EXERCISE INSTRUCTIONS -> Which lines of the listing below contain the word "Mellizos"? Return them.

[INFORMATION SHOWN Boundary: Start]

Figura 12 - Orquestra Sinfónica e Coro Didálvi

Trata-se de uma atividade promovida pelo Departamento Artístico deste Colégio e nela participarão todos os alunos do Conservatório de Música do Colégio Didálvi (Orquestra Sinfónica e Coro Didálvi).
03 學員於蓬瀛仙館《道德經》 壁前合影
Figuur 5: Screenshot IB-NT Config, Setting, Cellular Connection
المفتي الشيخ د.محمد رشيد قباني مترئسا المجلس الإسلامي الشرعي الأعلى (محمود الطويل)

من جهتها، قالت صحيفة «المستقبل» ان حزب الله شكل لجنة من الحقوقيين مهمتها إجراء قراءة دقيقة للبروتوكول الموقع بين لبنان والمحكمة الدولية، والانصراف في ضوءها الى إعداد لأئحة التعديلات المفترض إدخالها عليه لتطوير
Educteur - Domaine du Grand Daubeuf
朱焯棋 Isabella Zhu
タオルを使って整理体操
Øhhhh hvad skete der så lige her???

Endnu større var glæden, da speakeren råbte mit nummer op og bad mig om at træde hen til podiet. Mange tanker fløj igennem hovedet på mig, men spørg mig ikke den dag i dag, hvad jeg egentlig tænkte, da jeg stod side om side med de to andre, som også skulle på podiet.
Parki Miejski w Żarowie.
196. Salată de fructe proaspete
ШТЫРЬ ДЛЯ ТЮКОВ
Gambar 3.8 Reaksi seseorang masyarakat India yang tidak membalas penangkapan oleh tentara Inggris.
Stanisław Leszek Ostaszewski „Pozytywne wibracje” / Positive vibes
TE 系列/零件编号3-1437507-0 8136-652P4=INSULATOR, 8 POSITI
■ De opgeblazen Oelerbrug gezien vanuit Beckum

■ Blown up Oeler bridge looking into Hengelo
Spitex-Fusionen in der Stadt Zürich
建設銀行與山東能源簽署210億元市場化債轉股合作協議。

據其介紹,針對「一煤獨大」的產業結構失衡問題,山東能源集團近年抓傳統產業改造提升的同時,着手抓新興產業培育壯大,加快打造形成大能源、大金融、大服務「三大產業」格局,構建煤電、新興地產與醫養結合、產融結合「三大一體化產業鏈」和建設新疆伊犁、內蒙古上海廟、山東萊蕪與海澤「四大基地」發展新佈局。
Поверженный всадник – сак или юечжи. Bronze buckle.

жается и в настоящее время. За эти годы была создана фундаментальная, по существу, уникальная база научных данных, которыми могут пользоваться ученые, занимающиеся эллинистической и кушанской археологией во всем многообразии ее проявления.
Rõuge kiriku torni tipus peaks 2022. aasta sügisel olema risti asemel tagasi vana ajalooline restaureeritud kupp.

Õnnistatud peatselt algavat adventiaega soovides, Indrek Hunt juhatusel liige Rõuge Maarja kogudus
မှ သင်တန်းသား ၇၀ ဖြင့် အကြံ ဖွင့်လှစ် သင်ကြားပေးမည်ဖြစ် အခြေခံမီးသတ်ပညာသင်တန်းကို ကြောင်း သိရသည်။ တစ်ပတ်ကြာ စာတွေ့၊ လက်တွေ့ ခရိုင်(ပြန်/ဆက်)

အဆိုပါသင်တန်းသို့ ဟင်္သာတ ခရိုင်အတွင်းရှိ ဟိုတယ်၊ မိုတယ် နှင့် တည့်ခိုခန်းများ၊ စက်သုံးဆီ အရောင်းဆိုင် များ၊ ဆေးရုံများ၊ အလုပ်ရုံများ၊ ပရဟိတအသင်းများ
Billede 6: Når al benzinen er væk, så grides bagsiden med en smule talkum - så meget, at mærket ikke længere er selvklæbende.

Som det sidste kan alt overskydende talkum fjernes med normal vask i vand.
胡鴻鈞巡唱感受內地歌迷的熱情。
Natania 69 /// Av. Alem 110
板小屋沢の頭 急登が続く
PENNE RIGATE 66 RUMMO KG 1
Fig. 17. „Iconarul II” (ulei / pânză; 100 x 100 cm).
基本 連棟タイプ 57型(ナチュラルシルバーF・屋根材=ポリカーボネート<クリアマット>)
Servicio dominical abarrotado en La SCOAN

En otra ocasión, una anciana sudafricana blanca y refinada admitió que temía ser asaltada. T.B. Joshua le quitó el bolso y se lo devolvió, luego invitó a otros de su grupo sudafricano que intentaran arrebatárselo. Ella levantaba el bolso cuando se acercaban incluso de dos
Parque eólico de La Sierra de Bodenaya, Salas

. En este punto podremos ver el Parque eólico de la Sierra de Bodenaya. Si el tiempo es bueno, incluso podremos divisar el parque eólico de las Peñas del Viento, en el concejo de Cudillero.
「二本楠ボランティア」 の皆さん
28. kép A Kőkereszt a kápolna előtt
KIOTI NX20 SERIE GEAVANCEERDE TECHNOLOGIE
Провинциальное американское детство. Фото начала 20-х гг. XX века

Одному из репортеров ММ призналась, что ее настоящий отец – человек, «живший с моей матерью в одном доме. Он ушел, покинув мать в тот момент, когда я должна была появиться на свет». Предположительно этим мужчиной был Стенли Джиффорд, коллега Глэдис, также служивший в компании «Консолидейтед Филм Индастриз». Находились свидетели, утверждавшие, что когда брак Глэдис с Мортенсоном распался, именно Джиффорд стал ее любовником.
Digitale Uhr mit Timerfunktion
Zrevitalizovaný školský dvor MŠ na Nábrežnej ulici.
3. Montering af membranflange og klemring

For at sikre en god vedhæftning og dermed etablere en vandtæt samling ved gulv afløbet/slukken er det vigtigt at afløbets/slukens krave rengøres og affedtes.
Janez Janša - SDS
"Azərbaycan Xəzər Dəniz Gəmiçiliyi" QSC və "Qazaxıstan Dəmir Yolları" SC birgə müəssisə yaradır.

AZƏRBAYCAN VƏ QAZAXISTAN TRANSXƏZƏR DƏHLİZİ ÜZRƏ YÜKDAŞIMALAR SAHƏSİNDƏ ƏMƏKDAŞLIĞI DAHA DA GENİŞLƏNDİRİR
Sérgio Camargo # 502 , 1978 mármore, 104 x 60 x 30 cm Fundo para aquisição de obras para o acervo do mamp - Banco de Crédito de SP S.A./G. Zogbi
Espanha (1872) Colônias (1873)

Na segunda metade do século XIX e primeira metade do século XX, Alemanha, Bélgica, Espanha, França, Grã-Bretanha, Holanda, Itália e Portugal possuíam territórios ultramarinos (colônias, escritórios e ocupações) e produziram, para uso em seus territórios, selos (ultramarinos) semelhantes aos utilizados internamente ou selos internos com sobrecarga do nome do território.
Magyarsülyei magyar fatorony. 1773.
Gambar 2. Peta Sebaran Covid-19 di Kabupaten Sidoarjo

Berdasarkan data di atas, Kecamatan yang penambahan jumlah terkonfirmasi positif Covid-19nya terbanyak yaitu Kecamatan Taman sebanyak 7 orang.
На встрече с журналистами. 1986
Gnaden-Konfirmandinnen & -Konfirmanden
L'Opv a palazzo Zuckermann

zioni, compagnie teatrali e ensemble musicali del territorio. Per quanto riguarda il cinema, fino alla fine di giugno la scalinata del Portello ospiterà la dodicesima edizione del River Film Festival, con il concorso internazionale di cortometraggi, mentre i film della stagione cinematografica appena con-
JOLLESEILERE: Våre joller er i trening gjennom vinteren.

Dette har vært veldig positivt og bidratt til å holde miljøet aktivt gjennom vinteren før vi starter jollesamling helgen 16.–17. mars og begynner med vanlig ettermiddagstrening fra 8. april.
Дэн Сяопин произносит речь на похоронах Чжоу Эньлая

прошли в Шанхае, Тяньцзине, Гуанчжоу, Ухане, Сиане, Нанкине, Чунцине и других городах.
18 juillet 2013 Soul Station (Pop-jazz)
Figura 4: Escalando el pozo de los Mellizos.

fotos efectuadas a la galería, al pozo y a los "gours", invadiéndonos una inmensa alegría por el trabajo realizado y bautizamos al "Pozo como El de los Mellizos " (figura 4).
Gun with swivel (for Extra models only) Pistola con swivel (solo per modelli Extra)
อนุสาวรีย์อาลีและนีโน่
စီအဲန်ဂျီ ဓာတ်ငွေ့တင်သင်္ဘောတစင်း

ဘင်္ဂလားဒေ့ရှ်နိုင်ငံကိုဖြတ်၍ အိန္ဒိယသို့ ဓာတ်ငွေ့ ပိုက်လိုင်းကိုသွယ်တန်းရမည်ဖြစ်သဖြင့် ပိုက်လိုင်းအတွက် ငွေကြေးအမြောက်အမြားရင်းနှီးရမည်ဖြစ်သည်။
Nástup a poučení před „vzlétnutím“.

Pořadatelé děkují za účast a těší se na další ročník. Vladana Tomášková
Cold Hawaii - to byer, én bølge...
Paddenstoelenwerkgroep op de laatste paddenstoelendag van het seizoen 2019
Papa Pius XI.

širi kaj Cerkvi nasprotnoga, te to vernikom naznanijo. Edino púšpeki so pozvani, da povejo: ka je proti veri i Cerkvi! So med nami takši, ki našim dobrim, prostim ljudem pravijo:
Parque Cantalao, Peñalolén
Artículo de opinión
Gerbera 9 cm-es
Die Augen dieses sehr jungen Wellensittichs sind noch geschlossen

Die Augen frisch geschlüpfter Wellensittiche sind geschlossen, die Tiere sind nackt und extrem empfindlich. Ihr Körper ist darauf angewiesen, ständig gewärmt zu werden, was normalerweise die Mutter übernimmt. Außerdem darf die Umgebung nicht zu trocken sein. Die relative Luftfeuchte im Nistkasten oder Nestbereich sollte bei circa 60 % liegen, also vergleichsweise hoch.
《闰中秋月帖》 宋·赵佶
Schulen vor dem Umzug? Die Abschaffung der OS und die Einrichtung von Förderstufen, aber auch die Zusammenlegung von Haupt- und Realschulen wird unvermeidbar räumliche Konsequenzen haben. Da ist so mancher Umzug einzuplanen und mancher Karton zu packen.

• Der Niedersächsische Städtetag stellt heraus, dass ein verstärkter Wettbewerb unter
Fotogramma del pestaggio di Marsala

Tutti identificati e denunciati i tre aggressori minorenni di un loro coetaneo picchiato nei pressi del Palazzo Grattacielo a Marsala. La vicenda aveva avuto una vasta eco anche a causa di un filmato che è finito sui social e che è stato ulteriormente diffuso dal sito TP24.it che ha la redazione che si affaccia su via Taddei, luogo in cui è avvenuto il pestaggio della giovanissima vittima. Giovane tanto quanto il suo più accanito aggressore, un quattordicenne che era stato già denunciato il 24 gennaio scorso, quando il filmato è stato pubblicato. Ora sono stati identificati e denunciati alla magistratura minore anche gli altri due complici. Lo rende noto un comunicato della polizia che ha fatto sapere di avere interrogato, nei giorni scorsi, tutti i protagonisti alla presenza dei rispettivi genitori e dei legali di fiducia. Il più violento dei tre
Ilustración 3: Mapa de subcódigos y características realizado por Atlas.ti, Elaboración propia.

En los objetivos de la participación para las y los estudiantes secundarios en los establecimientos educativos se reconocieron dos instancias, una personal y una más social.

[INFORMATION SHOWN Boundary: End]

EXPECTED ANSWER ->
Figura 4: Escalando el pozo de los Mellizos.
fotos efectuadas a la galería, al pozo y a los "gours", invadiéndonos una inmensa alegría por el trabajo realizado y bautizamos al "Pozo como El de los Mellizos " (figura 4).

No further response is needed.